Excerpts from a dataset
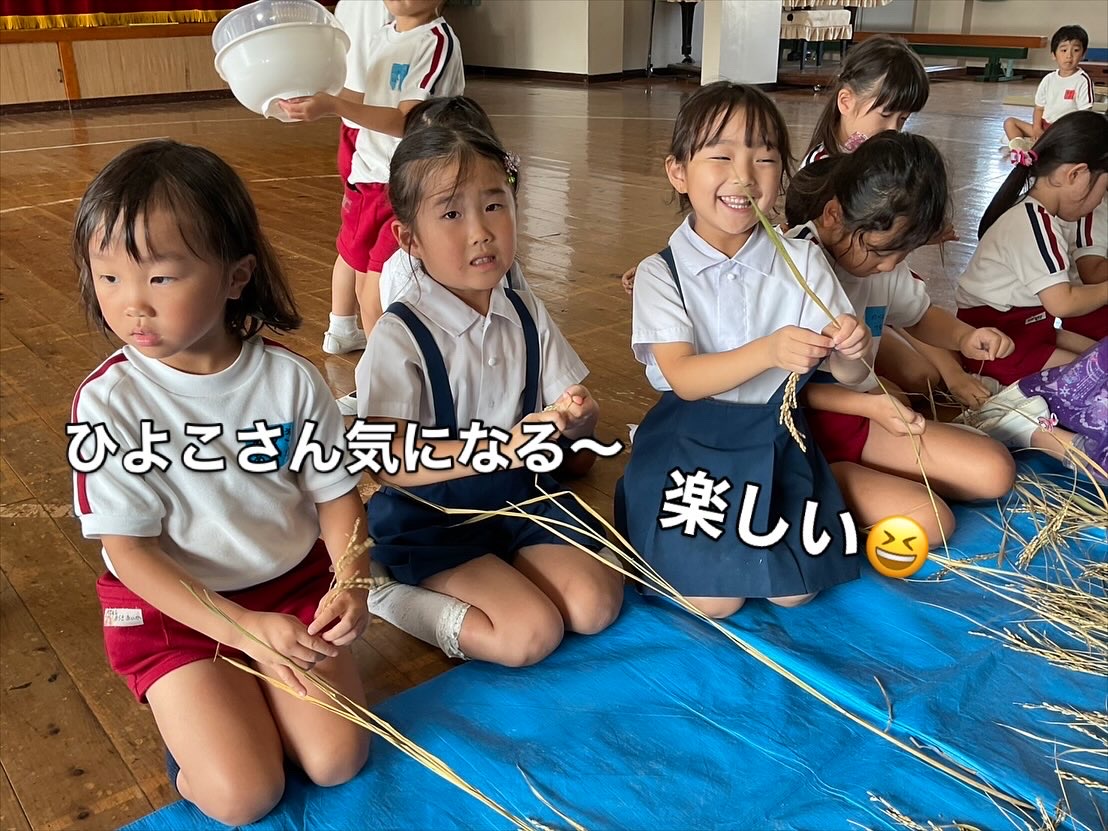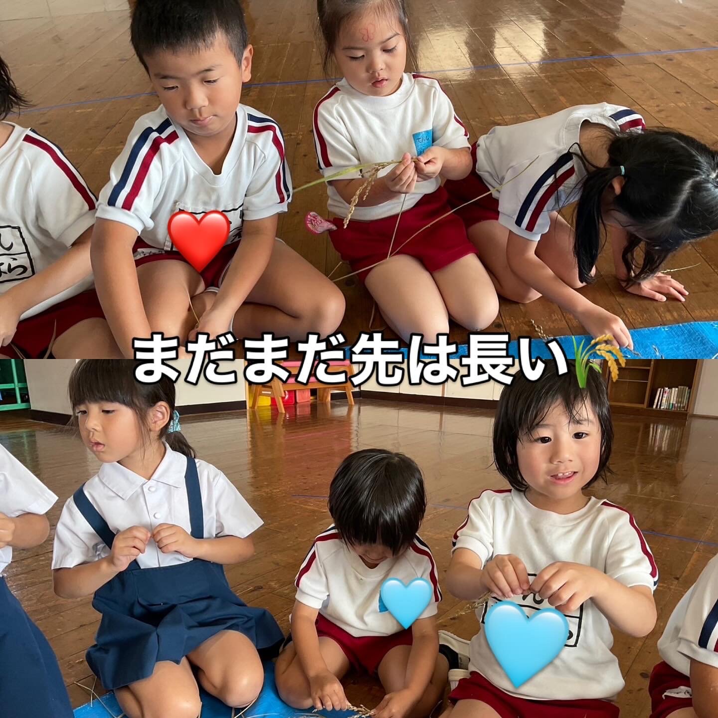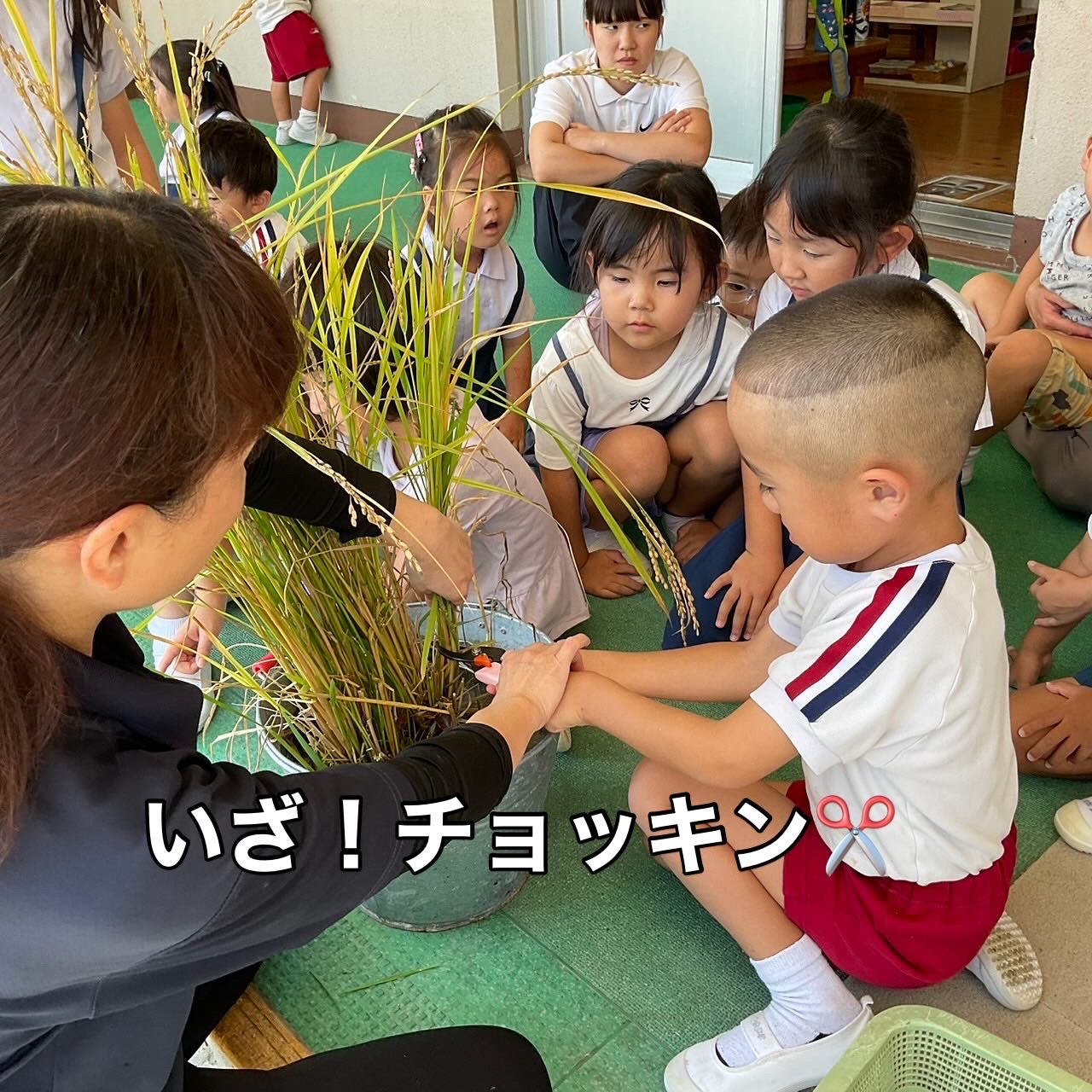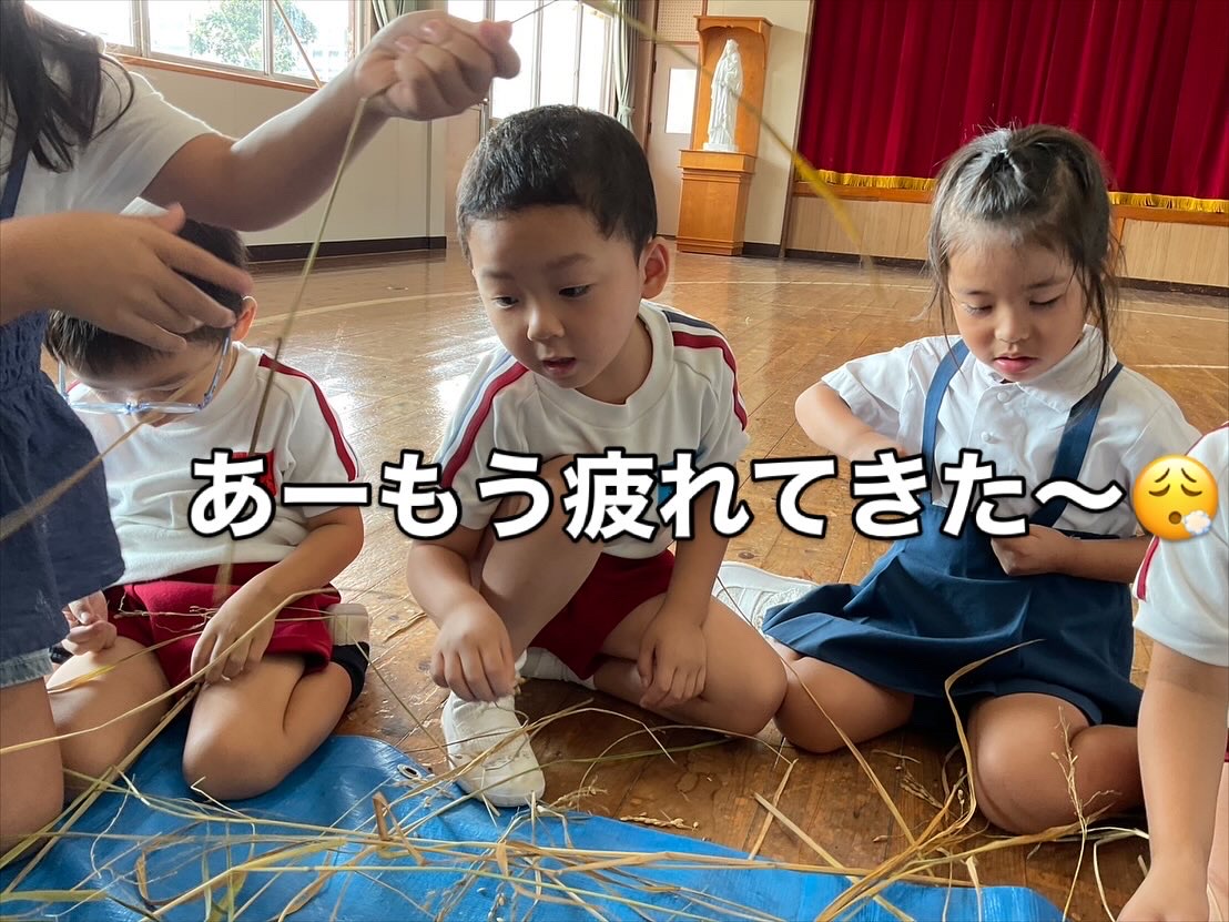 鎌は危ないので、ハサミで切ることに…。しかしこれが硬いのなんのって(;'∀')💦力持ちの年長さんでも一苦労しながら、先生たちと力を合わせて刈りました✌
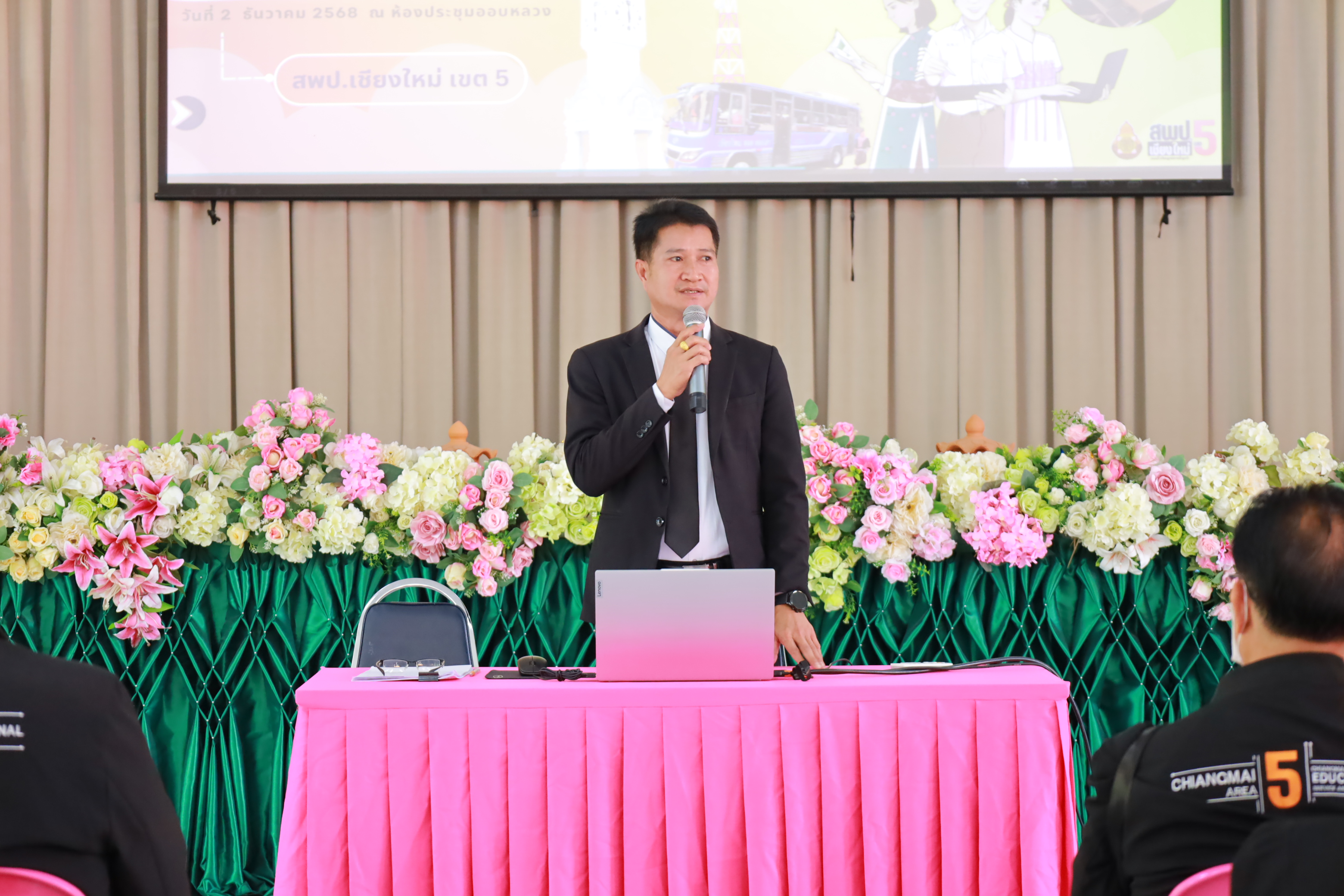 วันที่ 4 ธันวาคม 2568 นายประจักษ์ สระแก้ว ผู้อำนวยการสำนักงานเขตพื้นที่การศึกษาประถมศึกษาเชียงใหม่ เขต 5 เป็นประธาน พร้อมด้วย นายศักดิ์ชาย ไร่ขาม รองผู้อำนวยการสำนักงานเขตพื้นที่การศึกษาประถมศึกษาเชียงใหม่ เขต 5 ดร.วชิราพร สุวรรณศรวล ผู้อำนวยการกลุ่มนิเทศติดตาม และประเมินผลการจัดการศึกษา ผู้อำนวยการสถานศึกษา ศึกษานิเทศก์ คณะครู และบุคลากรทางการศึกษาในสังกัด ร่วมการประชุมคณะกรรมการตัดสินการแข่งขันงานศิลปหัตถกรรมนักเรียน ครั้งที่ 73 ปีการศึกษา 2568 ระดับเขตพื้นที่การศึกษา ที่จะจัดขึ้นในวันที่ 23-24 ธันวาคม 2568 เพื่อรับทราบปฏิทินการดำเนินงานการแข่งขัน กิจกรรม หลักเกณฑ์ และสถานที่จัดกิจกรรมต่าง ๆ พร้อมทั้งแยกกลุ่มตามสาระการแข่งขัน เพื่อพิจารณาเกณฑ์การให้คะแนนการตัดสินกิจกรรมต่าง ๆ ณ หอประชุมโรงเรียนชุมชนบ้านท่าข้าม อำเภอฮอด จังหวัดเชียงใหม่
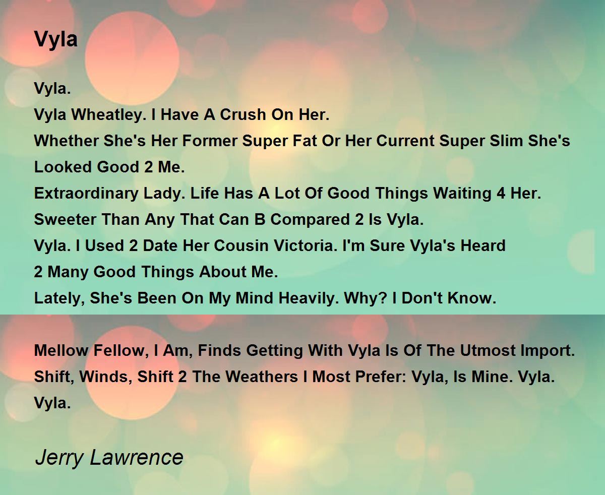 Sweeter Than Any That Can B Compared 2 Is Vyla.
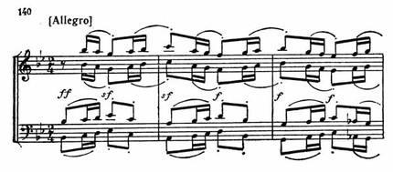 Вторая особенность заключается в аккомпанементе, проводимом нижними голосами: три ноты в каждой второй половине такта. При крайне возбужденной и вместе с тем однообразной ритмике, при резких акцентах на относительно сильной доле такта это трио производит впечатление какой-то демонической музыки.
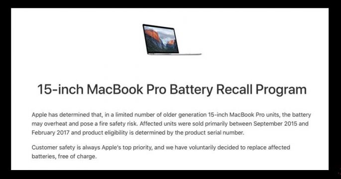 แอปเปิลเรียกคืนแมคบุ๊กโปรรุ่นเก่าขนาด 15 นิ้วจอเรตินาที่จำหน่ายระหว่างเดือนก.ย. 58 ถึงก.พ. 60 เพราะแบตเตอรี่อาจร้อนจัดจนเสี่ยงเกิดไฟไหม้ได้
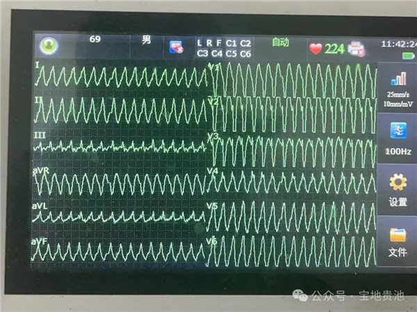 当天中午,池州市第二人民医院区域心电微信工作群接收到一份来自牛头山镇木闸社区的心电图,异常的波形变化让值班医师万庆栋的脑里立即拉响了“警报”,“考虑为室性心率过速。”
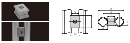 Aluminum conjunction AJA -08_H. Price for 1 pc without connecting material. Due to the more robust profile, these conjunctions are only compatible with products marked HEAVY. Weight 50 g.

= What is required =
Copy exactly the lines that run from the one containing "当天中午,池州市第二人民医院" to the last line of the records, both included, and leave out every picture.

= Result =
 当天中午,池州市第二人民医院区域心电微信工作群接收到一份来自牛头山镇木闸社区的心电图,异常的波形变化让值班医师万庆栋的脑里立即拉响了“警报”,“考虑为室性心率过速。”
 Aluminum conjunction AJA -08_H. Price for 1 pc without connecting material. Due to the more robust profile, these conjunctions are only compatible with products marked HEAVY. Weight 50 g.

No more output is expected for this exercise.